▸ Work instructions
From the line that contains "3.2 甜味剂稳定性试验结果(表五、表六、图一)" through the line that contains "A dark chocolate", output every line of the listing below exactly and leave out all the rest.
***** Extracted data *****
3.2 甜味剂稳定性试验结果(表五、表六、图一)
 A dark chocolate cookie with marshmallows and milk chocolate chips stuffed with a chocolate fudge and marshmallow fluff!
*****
***** Extracted data *****
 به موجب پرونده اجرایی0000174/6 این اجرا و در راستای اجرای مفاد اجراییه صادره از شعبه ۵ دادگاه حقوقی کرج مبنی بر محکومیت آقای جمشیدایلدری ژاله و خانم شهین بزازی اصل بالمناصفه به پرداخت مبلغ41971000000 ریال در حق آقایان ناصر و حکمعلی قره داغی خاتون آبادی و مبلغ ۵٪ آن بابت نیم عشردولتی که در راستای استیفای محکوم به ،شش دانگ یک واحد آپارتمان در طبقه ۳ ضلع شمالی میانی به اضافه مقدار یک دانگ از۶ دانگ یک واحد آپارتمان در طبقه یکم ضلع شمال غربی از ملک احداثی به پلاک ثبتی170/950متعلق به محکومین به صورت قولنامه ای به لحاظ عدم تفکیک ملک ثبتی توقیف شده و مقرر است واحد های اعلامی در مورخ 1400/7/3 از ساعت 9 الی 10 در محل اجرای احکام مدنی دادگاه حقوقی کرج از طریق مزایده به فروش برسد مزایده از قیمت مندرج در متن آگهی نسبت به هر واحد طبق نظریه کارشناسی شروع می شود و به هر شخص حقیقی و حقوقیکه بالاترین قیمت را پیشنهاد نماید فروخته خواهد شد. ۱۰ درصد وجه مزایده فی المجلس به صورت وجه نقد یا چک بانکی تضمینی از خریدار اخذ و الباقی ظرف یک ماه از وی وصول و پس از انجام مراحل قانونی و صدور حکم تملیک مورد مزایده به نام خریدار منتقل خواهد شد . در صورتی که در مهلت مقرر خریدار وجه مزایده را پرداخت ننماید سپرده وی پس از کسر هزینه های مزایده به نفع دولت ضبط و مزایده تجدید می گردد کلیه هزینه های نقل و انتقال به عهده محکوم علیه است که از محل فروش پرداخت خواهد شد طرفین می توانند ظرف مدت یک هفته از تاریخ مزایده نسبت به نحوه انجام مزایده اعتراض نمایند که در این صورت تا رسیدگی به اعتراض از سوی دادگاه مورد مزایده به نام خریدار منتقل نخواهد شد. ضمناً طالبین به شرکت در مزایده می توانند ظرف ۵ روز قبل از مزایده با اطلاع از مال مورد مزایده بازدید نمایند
*****
***** Extracted data *****
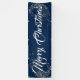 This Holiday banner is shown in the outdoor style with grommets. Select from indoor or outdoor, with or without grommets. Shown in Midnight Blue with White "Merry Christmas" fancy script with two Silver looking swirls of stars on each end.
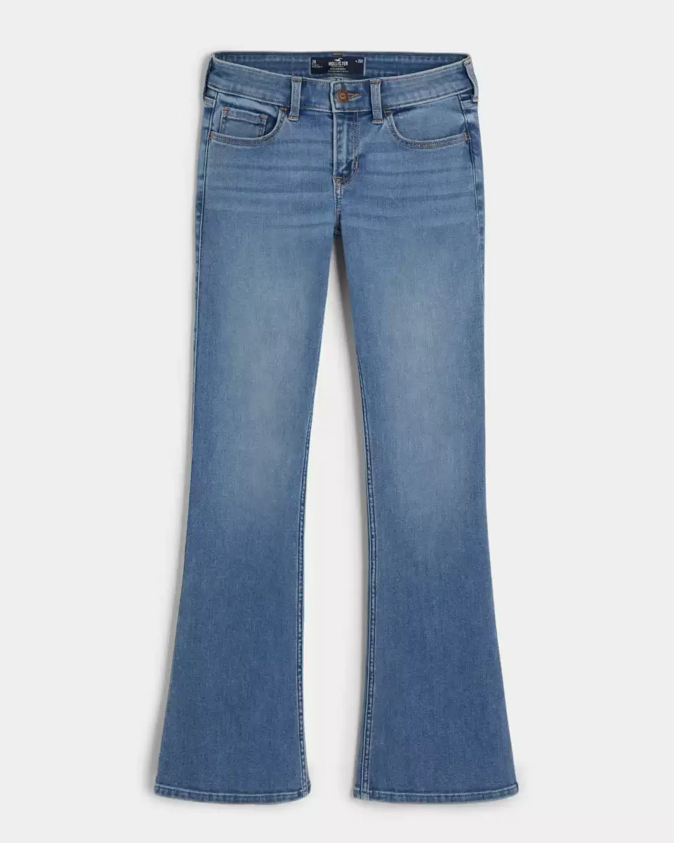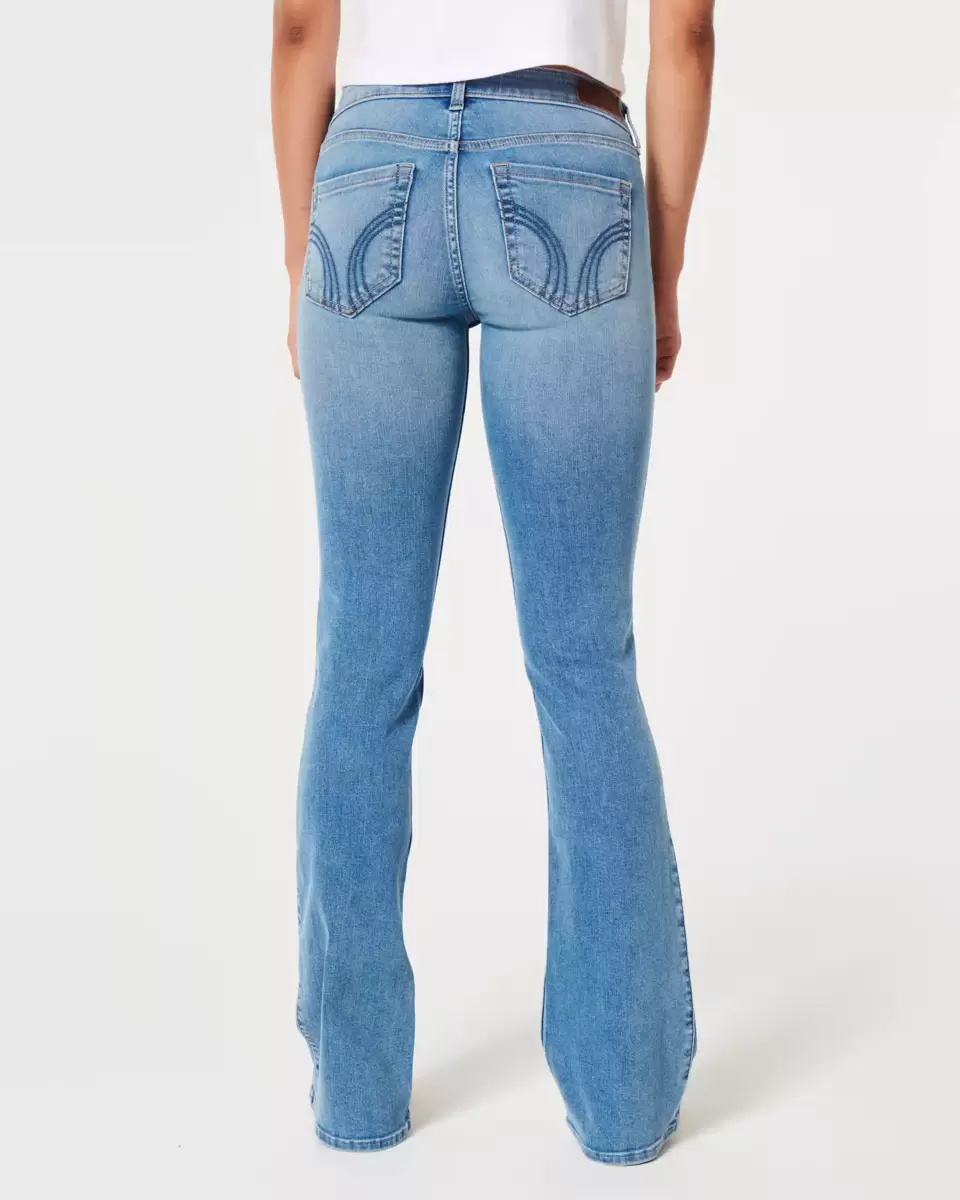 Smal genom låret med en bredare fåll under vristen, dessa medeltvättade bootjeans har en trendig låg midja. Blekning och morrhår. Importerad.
*****
▸ Answer area
3.2 甜味剂稳定性试验结果(表五、表六、图一)
 A dark chocolate cookie with marshmallows and milk chocolate chips stuffed with a chocolate fudge and marshmallow fluff!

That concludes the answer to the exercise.